Effect of fluid force on vascular cell function

Susumu Kudo; Ryuhei Yamaguchi; Mariko Ikeda; Kazuo Tanishita

doi:10.2114/jpa.24.459

Effect of fluid force on vascular cell function

Susumu Kudo^*, Ryuhei Yamaguchi, Mariko Ikeda, Kazuo Tanishita

^*Corresponding author for this work

Research output: Contribution to journal › Article › peer-review

1 Citation (Scopus)

Abstract

Endothelial cells (ECs) that line the inner surface of blood vessels are continuously exposed to fluid frictional force (shear stress) induced by blood flow, and shear stress affects the intracellular calcium ([Ca ²⁺] _i), which initiates cellular responses. Here, we studied the effect of long-term exposure of shear stress on [Ca ²⁺] _i responses in cultured ECs by using a confocal laser microscope and calcium indicator. At the initiation of shear stress of 20dyn/cm ² (0 hr), 27% of the cells exhibited [Ca ²⁺] _i responses. This percentage gradually decreased with increasing exposure time, reaching about 4% after 24 hr of exposure. These data indicate that long-term shear-stress exposure affects [Ca ²⁺] _i responses in cultured ECs. Furthermore, we studied the effect of magnitude of shear stress on macromolecule uptake.

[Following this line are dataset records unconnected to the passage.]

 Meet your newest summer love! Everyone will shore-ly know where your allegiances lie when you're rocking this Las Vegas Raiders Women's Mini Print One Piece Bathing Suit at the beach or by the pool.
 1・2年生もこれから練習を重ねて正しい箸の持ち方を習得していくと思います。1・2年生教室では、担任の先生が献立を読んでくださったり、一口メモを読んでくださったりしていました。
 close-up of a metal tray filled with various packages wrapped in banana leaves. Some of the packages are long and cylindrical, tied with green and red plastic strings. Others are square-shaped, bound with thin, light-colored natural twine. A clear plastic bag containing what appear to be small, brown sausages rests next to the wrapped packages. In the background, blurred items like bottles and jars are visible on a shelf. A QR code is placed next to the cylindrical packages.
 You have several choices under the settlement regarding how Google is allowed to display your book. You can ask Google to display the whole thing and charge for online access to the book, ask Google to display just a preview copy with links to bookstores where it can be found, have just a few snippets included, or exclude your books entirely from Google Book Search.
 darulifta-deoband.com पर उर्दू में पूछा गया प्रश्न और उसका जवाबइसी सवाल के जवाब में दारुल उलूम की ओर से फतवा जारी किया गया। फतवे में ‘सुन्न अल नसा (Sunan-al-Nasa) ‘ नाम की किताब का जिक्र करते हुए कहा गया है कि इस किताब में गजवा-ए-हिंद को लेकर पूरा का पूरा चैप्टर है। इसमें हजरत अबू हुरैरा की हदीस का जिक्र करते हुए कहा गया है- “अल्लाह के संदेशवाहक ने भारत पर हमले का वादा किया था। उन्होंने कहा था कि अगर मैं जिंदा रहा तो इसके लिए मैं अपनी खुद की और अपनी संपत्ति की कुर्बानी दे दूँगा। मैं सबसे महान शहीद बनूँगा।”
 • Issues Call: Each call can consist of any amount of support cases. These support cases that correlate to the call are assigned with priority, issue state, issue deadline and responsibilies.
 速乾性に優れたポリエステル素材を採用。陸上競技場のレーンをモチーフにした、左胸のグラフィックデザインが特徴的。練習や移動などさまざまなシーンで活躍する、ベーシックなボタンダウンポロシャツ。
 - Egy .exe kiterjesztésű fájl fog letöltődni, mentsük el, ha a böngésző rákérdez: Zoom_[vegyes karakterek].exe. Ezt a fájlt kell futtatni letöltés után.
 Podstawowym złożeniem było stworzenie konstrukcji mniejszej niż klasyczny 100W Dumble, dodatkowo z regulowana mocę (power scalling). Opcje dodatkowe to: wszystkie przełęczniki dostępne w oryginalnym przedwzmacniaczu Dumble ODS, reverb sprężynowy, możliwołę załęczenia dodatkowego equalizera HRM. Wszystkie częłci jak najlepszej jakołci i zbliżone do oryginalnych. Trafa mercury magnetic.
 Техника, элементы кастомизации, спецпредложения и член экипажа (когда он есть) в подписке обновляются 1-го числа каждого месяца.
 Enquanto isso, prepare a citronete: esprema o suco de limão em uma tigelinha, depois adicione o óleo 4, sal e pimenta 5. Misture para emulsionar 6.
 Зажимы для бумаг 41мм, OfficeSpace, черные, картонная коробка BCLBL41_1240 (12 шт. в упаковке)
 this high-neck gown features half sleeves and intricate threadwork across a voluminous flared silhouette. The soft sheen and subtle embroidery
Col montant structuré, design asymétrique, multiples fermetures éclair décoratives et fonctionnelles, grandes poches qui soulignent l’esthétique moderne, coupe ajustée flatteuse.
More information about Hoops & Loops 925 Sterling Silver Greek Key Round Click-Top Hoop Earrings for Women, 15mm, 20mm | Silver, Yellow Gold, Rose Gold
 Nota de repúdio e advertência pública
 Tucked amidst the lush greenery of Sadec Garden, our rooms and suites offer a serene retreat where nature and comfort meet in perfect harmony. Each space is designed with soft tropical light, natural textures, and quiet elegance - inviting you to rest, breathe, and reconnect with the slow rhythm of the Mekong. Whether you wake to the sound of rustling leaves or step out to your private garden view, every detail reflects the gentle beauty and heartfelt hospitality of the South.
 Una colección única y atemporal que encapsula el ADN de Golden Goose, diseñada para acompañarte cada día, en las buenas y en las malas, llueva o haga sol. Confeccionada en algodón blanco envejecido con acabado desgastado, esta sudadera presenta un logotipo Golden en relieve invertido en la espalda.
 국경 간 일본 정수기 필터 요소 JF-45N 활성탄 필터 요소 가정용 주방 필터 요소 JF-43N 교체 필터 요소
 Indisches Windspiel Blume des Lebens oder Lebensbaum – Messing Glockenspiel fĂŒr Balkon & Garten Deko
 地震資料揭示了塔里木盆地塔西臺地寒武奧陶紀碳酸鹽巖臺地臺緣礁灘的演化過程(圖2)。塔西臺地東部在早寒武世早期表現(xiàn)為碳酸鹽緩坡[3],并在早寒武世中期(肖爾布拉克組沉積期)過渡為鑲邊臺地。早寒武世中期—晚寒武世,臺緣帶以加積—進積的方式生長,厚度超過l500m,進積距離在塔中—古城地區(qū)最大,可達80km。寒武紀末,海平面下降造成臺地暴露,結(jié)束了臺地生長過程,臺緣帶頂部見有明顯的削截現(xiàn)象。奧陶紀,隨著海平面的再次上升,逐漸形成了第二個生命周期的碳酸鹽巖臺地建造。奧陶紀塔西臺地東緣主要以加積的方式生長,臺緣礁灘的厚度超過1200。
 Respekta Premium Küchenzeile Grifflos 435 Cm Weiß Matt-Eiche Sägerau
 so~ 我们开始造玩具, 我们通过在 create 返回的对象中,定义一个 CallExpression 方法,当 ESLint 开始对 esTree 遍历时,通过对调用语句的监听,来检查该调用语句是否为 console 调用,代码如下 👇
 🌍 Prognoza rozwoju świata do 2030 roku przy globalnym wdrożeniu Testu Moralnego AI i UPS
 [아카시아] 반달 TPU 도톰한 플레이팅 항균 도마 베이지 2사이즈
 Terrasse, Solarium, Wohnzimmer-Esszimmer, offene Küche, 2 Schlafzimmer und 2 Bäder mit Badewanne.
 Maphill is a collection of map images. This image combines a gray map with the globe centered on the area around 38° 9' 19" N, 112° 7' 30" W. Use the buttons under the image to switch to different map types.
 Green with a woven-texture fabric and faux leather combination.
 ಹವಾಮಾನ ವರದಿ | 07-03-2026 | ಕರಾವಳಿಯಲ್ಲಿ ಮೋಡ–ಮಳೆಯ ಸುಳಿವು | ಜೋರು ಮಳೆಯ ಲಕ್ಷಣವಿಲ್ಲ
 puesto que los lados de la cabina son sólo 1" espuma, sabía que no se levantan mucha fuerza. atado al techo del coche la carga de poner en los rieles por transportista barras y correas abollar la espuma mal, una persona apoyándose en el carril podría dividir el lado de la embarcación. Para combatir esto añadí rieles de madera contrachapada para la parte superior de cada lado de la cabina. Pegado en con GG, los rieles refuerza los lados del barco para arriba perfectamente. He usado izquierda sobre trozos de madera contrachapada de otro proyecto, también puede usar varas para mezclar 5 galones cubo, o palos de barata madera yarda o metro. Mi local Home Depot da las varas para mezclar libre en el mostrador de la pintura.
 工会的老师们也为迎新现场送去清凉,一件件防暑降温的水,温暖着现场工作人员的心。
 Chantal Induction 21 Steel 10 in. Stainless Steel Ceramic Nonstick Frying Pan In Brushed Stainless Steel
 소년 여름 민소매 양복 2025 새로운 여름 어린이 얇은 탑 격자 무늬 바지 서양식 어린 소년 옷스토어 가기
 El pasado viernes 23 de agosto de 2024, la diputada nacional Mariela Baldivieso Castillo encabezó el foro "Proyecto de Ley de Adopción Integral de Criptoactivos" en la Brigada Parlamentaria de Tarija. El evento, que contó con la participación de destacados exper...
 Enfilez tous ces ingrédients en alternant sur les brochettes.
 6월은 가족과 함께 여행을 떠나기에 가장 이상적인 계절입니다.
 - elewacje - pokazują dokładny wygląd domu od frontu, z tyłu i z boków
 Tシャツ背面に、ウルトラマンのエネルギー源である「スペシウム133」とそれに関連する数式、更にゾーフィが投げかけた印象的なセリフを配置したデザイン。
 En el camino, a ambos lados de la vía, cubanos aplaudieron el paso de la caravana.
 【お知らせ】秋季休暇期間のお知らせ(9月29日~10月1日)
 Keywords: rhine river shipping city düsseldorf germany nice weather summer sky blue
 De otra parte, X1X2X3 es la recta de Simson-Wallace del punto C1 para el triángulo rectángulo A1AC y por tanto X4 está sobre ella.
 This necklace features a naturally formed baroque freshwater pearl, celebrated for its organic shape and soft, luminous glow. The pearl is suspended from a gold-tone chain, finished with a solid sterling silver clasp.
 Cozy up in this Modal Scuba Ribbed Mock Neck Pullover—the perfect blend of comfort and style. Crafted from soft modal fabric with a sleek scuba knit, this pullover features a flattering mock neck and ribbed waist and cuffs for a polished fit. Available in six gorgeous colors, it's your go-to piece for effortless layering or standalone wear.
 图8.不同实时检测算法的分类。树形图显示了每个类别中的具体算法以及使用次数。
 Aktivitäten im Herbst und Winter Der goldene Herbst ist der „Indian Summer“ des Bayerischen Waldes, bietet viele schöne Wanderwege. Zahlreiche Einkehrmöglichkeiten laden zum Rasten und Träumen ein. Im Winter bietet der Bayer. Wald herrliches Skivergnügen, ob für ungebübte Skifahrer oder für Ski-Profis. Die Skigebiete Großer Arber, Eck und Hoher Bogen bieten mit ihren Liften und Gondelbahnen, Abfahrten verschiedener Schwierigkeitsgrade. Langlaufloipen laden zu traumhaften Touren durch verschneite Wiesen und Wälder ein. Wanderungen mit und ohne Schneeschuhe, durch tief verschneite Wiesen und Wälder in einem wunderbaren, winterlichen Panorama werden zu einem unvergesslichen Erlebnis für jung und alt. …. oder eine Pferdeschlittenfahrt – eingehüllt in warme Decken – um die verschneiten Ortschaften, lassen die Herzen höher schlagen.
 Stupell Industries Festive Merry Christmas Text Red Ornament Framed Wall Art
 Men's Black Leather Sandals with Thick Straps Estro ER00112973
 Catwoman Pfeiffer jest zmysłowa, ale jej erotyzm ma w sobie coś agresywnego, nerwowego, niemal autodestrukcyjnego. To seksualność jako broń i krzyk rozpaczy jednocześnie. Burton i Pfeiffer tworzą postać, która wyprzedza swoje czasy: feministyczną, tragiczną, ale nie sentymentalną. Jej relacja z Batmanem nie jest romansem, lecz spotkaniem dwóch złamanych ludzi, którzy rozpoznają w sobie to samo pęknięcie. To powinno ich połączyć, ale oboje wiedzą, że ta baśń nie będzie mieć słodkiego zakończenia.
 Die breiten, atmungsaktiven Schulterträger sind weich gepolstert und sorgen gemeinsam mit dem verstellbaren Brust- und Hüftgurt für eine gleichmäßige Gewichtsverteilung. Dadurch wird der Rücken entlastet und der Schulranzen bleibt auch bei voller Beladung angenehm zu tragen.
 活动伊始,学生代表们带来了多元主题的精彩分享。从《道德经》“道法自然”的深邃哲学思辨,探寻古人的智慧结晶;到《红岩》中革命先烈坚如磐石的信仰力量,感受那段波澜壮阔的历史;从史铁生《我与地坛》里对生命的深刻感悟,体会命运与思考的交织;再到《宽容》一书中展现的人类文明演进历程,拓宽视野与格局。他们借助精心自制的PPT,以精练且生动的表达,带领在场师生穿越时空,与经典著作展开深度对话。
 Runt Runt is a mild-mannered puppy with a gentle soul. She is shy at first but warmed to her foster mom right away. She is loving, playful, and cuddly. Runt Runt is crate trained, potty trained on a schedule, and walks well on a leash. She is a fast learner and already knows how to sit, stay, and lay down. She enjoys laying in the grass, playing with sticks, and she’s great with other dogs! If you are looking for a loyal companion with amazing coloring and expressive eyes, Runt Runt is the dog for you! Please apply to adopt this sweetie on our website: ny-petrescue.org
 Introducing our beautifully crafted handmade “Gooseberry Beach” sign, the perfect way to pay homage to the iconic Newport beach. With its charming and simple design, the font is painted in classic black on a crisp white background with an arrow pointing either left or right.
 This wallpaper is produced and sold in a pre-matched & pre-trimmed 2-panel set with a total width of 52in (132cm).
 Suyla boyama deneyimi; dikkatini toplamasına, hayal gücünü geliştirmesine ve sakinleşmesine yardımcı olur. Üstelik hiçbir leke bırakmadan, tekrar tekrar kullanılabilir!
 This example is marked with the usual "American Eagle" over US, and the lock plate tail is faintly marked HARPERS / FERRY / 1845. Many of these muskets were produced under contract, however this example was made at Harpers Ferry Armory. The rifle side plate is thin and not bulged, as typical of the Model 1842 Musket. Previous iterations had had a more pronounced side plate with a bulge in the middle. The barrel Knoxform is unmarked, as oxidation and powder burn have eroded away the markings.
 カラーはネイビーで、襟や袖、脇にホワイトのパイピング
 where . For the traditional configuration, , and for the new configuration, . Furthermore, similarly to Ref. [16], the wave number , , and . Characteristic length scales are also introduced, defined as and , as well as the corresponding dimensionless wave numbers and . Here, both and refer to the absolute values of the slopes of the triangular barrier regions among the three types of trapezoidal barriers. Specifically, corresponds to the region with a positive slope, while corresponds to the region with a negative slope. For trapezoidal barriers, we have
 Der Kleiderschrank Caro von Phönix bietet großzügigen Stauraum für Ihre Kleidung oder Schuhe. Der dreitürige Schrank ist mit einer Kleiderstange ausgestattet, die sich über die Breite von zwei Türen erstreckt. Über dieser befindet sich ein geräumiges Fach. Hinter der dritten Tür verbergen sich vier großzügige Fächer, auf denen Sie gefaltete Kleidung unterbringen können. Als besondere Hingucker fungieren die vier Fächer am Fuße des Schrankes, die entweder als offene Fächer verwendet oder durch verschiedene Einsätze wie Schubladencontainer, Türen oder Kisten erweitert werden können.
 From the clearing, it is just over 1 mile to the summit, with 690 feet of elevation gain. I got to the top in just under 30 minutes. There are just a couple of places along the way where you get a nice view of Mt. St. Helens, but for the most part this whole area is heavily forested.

For the low shear-stress, the uptake was enhanced, whereas the uptake was inhibited for higher shear-stress.

Original language	English
Pages (from-to)	459-461
Number of pages	3
Journal	Journal of Physiological Anthropology and Applied Human Science
Volume	24
Issue number	4
DOIs	https://doi.org/10.2114/jpa.24.459
Publication status	Published - 2005 Jul
Externally published	Yes

Keywords

Bio-fluid mechanics
Calciumion
Endothelial cells
Shear flow

ASJC Scopus subject areas

Social Sciences(all)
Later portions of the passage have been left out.